Some notes on the ruins of a 56 year old foam house project
Contributor
Commitment
Recently, the ruins of an experimental sprayed urethane foam house that I designed as a student in 1967 at YSoA and built with fellow students were discovered by recent undergraduate architecture major, Will Suzuki, while taking a hike in the woods in Westville, just off the Yale Golf Course.
The ‘foam house’ project was a spontaneously generated part of the second year design studio in 1968, taught by Felix Drury under the deanship of Charles Moore. Bill Grover, a student in the year ahead of my class, had been inspired by a Union Carbide T.V. ad demonstrating the construction of a tiny igloo-like form, made from the newly invented urethane foam. The foam was sprayed through a hand-held nozzle fed by two canisters, a resin and an activator. Within seconds after landing on a surface, the foam expanded to 30 times its liquid volume as it solidified. Bill persuaded Union Carbide to donate enough of the material to enable the students to construct several experimental structures. He also acquired a generous supply of a polyethylene-laminated burlap fabric (developed for making sandbags for the Vietnam war) that could be tailored into inflatable forms. After a casual class competition, three projects were selected to be built in the woods just off the Yale Golf Course in Westville. Tailoring the fabric into the various shapes for the designs, we tested them out, inflating them in the second floor space of Rudolf Hall. The soft squishy forms flopped gently over the school’s administrative balcony space above, causing great excitement. We used electric fans, and later on the site, gas-powered leaf blowers inserted into an ‘umbilical’ chord-like tube, penetrating the flanks of the forms.
An idea that had inspired us at that time was to locate places in the world in need of quickly produced housing. (Obviously a concept at least as or more urgent in today’s world). Arriving with a package of folded up balloons and canisters of urethane foam, a high density and low volume package maybe dropped on the site by parachute. That package would be reversed into a high volume and low-density alternative as the balloons were inflated and the sprayed foam expanded 30 times its liquid volume.
These projects were purely experimental structures and not intended for permanent occupation, but they were in fact sometimes inhabited by roving hippies. This may have led the golf course bureaucracy to have had two of the projects demolished a year or so after they were built. The one I was involved with survived, probably only because it was a bit further away from the links. Upon returning to and entering it a year or two after its construction, I heard shrieks, and witnessed several naked figures darting out the back door into the woods.

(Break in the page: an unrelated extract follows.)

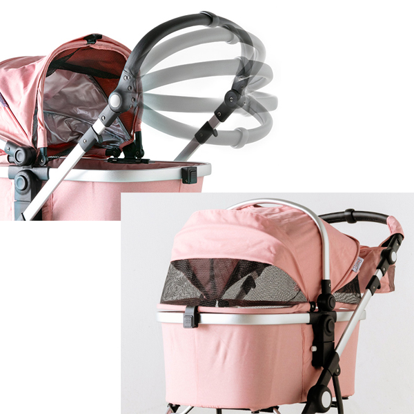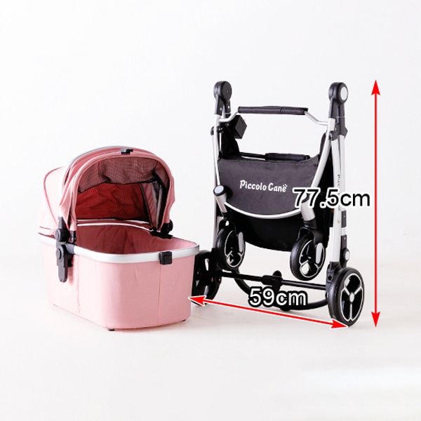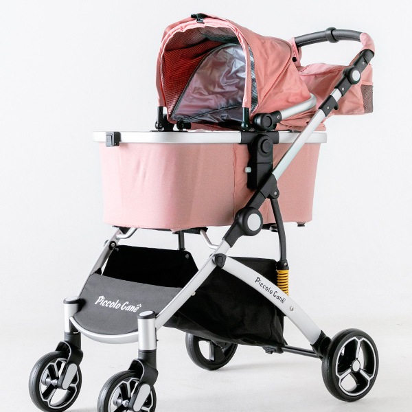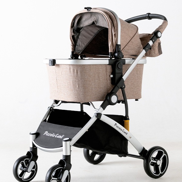 小型犬におすすめのサイズ感と、女性でも押しやすい軽快な操作性はそのままに、キャリーコットのセパレート構造、段差の衝撃をやわらかく吸収するサスペンション、5段階調節可能なハンドルなど、快適装備も充実。
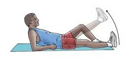 به پشت بر روی زمین دراز بکشید. زانوی طرف سالم را خم کرده و کف پای آن سمت را بر روی زمین قرار دهید. پای مقابل را بدون اینکه زانوی آن را خم کنید به اندازه یک وجب از روی زمین بلند کنید. این حالت را چند ثانیه حفظ کرده و سپس پا را آهسته بر روی زمین قرار دهید. نرمش را در ۳ ست ده تایی انجام دهید.

Now after many years of aging, it has evolved into a ruin. Under stress, foam has a ‘creep’ factor—that plus the weight of snow had slowly transformed the dome’s top surfaces from convex to concave. Then increasing rainwater and ice began collecting in the concavities, leading to structural collapse. Large segments of the series of interconnecting, differently scaled forms had fallen to the ground, leaving behind the fragmented, doubly curved arcs of the remaining walls to form a series of spaces that open up to the surrounding wooded landscape and the sky above.
Architecture having effervescence, evolving into a ruin, has a legitimacy of its own*. In this case, what was once an introverted and somewhat hermetic form now felt like an open dynamically choreographed spatial dance, an active participant with the surrounding landscape. Lichen and moss and wood-pecker holes (hopefully not poisoned!) integrated it further into its natural surrounds. The structure had become much more spatially engaging as a ruin, not only in now looking like a piece of the natural world—something like a gigantic piece of bark—but also by performing a kind of choreographed rhythmic dance sequence as it folds and unfolds its way through this wooded site. These remains are now a mysterious tactile, spatial, experience. I want to see them as a stage set for events, integrating music and dance, ancient Druid friends might add to the ritual, especially at night under a full moon.
*I have always loved Piranesi’s views of Rome—the Forum full of vegetation and grazing sheep, or the Colosseum with medieval housing grown into the arched openings of its perimeter walls, creating a wonderful juxtaposition of scales. I probably prefer those occupied ruins more than the originals in Roman times with senators strutting around in their white robes.